Dataset section ::
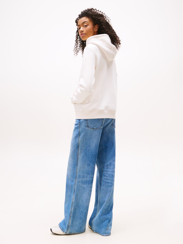 Der große Tommy Jeans-Schriftzug bringt visuelle Klarheit – ob im Park, im Café oder auf dem Campus.
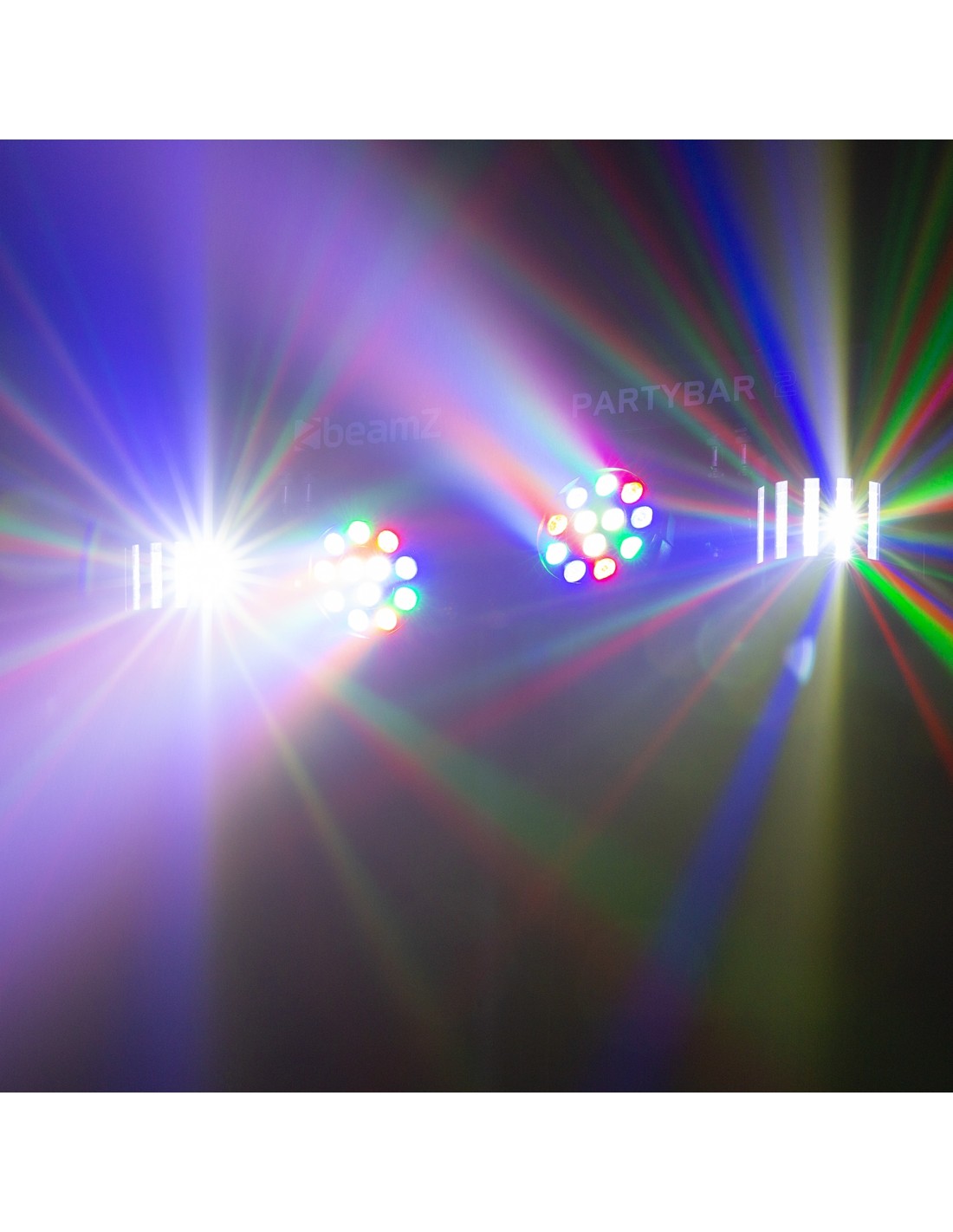 El Partybar2 es una solucion DJ completa que incluye 2 focos PAR de alta intensidad con Led RGBW y 2 efectos Derby. El Partybar2 puede conrolarse por DMX, Mando a distancia IR o auto y ritmo de la musica con programas seleccionables desde el panel de control. Incluye tripode para una rapida y facil colocacion. Diseñado especialmente para escenario, fiestas, animadores y otros eventos especiales.
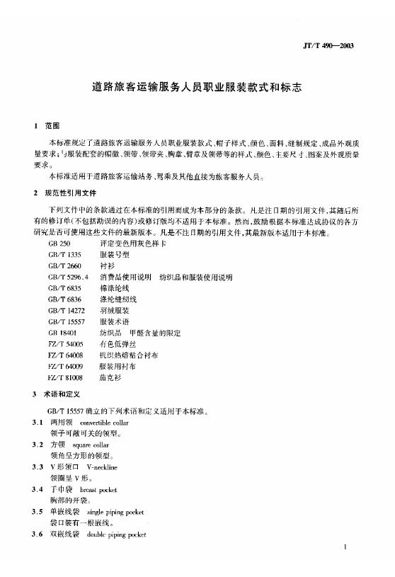 JT/T 490-2003 道路旅客运输服务人员职业服装款式和标志

What the exercise asks :: Through the line containing "El Partybar2 es" and no further, restate the data above word for word from its first line, leaving out pictures.

Expected answer ::
 Der große Tommy Jeans-Schriftzug bringt visuelle Klarheit – ob im Park, im Café oder auf dem Campus.
 El Partybar2 es una solucion DJ completa que incluye 2 focos PAR de alta intensidad con Led RGBW y 2 efectos Derby. El Partybar2 puede conrolarse por DMX, Mando a distancia IR o auto y ritmo de la musica con programas seleccionables desde el panel de control. Incluye tripode para una rapida y facil colocacion. Diseñado especialmente para escenario, fiestas, animadores y otros eventos especiales.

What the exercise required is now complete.